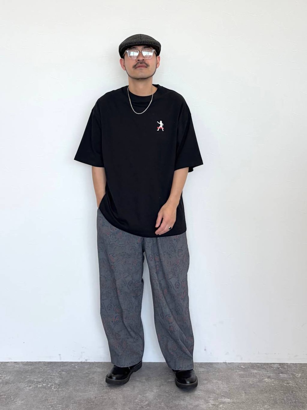 【ウルトラマン】ダダのインパクトを、大人の総柄で渋く着こなす。 ✅スタイリングのポイント バックに大胆にプリントされた「ダダ」が主役。フロントはあえてシンプルに、ボトムスにはグレーベースのペイズリー柄パンツを合わせて、大人の余裕と遊び心をプラスしたモノトーンストリートです。 ✅サイズ感・着心地 Tシャツはフリーサイズで、肩が落ちるゆったりとしたシルエットが今の気分。パンツも程よいワイド感で、リラックスして履けるので、これからの季節にぴったりです。 ✅おすすめシーン インパクトのあるデザインなので、横浜の街並みや音楽イベントなど、カルチャーを感じる場所で着てほしい一着。立ち飲み屋でも会話のネタになること間違いなしです。 staff spec 身長:172cm 体重:70kg 靴:28cm、年齢:40歳 ↓↓↓ 毎日投稿orストーリーズ更新中! スタッフボード以外のコーディネートやコンテンツ、オフショットなど
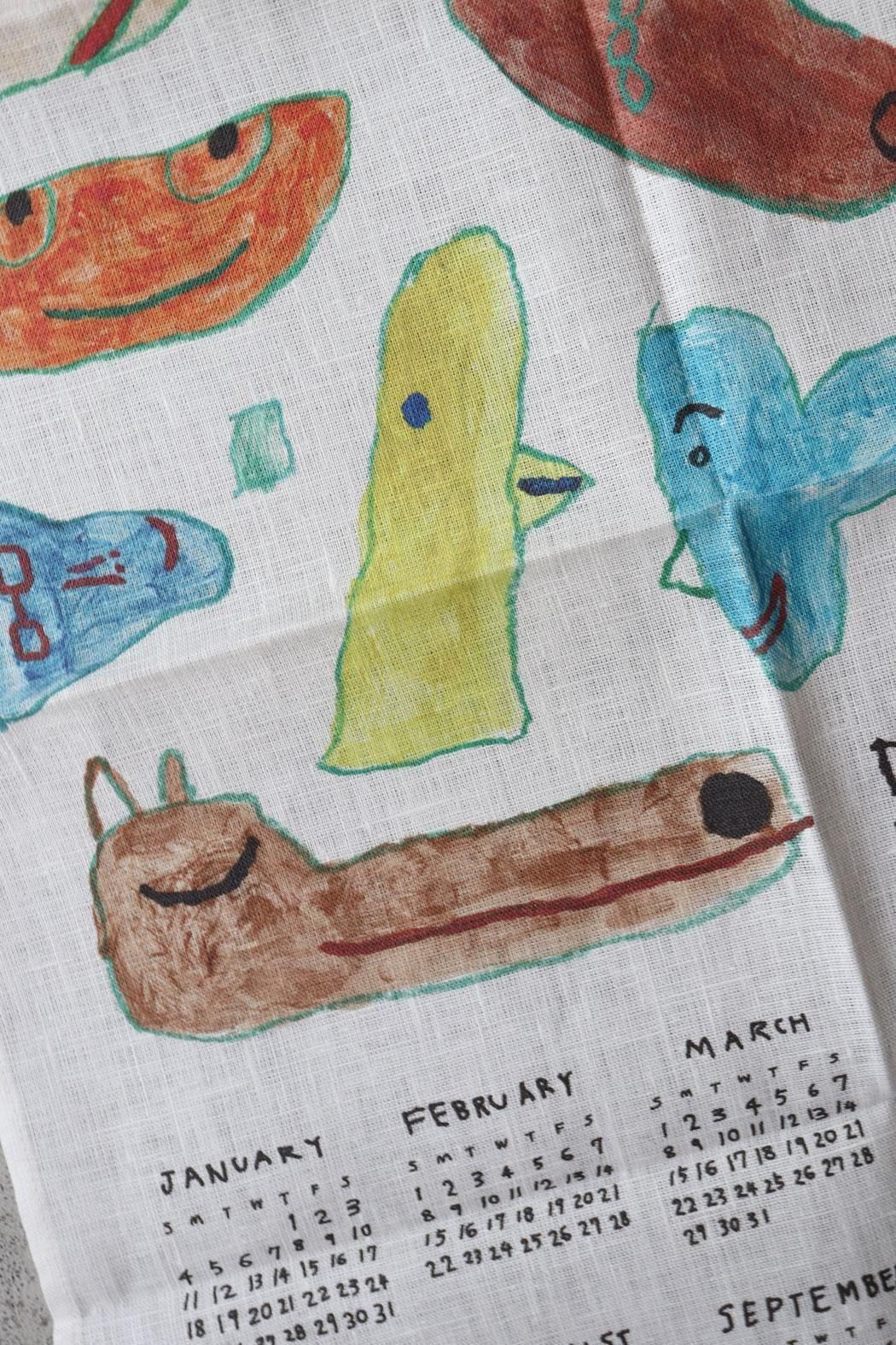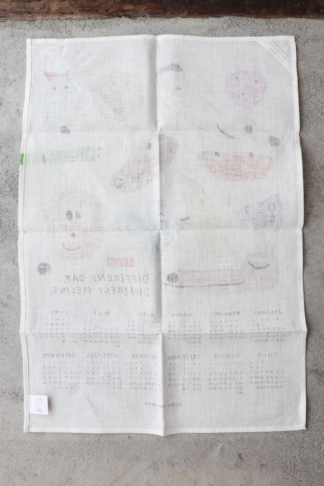 キッチンクロスサイズのリネンに、イラストとカレンダーをプリントしました〇
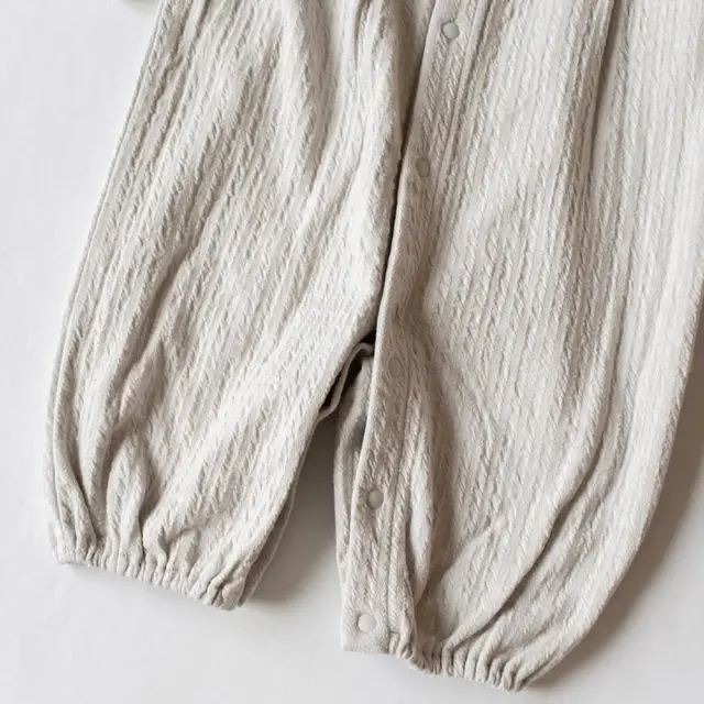 スナップボタンの止め方を変えれば足が分かれるので、ハイハイの時期まで長く使えます。

+ + + + +

__TASK__.
Reproduce the listing exactly, images omitted.

__RESULT FOR THIS TASK__.
 【ウルトラマン】ダダのインパクトを、大人の総柄で渋く着こなす。 ✅スタイリングのポイント バックに大胆にプリントされた「ダダ」が主役。フロントはあえてシンプルに、ボトムスにはグレーベースのペイズリー柄パンツを合わせて、大人の余裕と遊び心をプラスしたモノトーンストリートです。 ✅サイズ感・着心地 Tシャツはフリーサイズで、肩が落ちるゆったりとしたシルエットが今の気分。パンツも程よいワイド感で、リラックスして履けるので、これからの季節にぴったりです。 ✅おすすめシーン インパクトのあるデザインなので、横浜の街並みや音楽イベントなど、カルチャーを感じる場所で着てほしい一着。立ち飲み屋でも会話のネタになること間違いなしです。 staff spec 身長:172cm 体重:70kg 靴:28cm、年齢:40歳 ↓↓↓ 毎日投稿orストーリーズ更新中! スタッフボード以外のコーディネートやコンテンツ、オフショットなど
 キッチンクロスサイズのリネンに、イラストとカレンダーをプリントしました〇
 スナップボタンの止め方を変えれば足が分かれるので、ハイハイの時期まで長く使えます。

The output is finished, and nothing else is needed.